Menanggapi situasi ini, Kementerian Pertanian bersama dengan Badan Pangan Nasional (Bapanas) dan Bulog tengah menyusun langkah-langkah strategis untuk menyeimbangkan antara kebutuhan gizi nasional dan ketersediaan pangan di pasar. Beberapa langkah yang tengah diupayakan antara lain:

1. Optimalisasi Produksi Beras Nasional

Pemerintah terus mendorong peningkatan produktivitas lahan melalui bantuan benih unggul dan mekanisasi pertanian. Tujuannya adalah agar surplus produksi dapat menutupi celah yang hilang akibat pengalihan stok untuk fortifikasi.
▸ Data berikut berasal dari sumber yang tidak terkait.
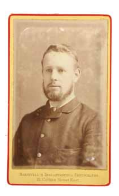
Lot 2082 part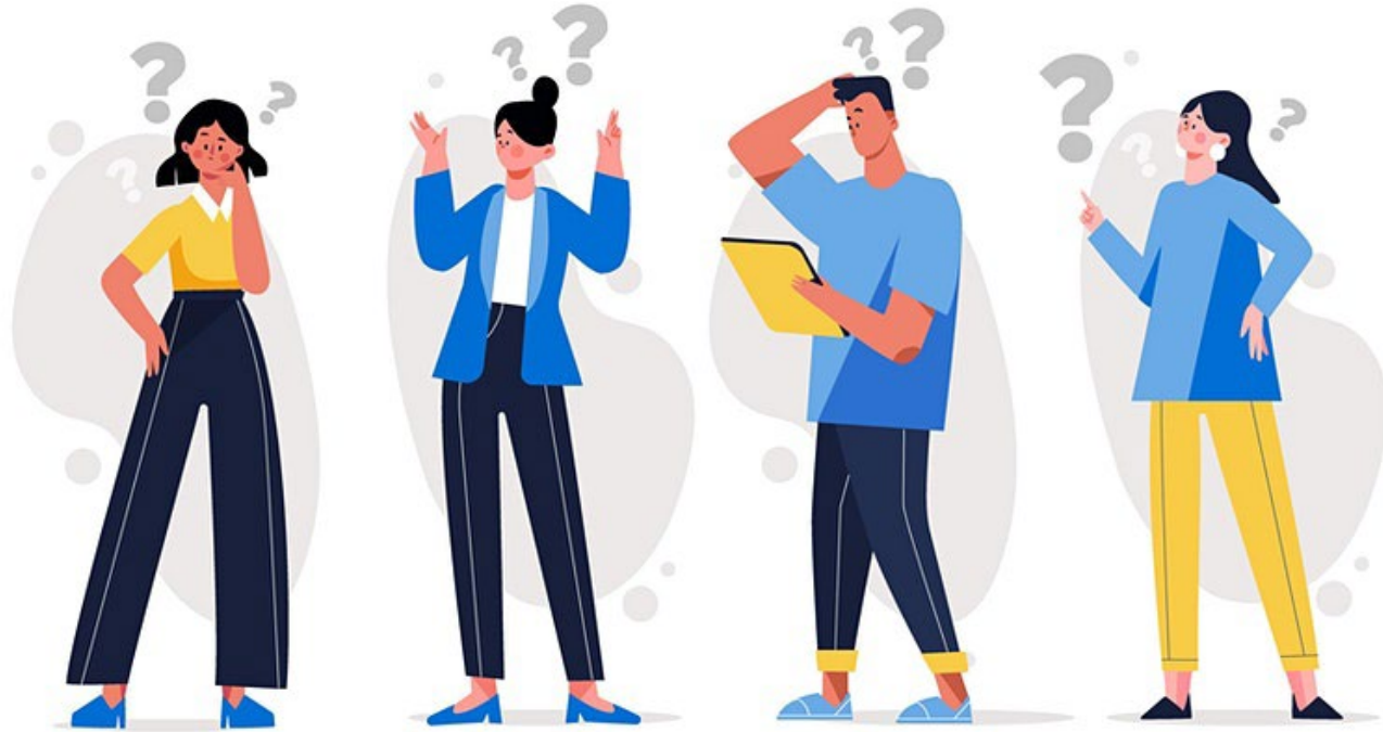
Illustration by Unknown Author is licensed under CC BY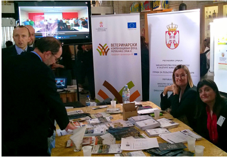
ECG's stand at the first EU-funded projects Fair in Serbia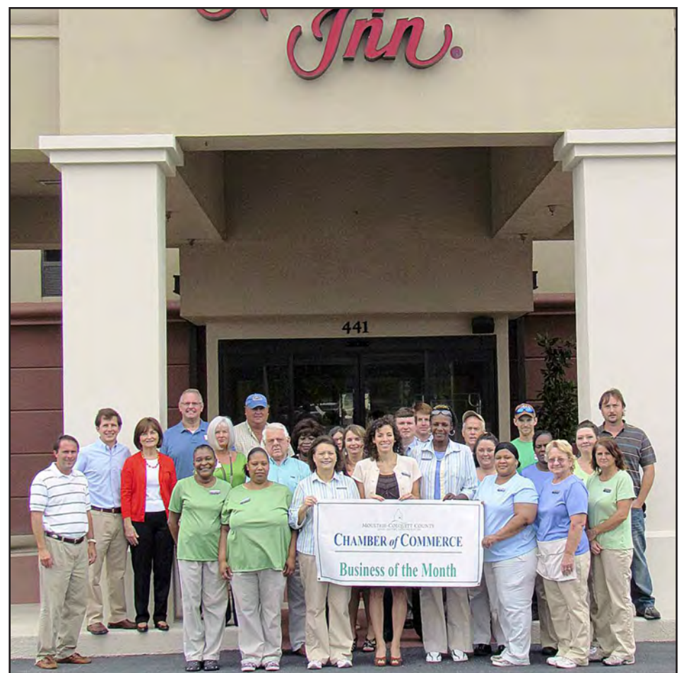
Owners and staff of the Hampton Inn Moultrie. Company Name: Hampton Inn. Address: 441 Hampton Way N.E., Moultrie. Phone: (229) 616-7777.

2. Pengawasan Jalur Distribusi

Mentan menegaskan akan memperketat pengawasan terhadap rantai distribusi beras. Hal ini dilakukan untuk memastikan tidak ada penimbunan oleh oknum tertentu yang memanfaatkan situasi kelangkaan untuk mencari keuntungan pribadi melalui kenaikan harga yang tidak wajar.

3. Pengaturan Porsi Fortifikasi

Pemerintah juga sedang mengkaji bagaimana skema fortifikasi dapat berjalan tanpa mengganggu stabilitas stok beras konsumsi di pasar. Salah satu opsinya adalah dengan mendorong penggunaan beras kualitas medium yang sudah ditingkatkan kualitasnya untuk kebutuhan fortifikasi, sehingga stok premium tetap terjaga untuk pasar ritel.

Kesimpulan

Kelangkaan beras premium yang terjadi saat ini bukanlah sebuah anomali yang disebabkan oleh kegagalan produksi total, melainkan dampak dari pergeseran fungsi stok beras untuk program penguatan gizi nasional melalui beras fortifikasi. Meskipun kebijakan fortifikasi sangat krusial untuk memerangi stunting dan masalah kesehatan lainnya, pemerintah memiliki tantangan besar dalam menjaga keseimbangan antara pemenuhan nutrisi dan ketersediaan stok pangan di pasar ritel agar harga tetap terjangkau oleh masyarakat.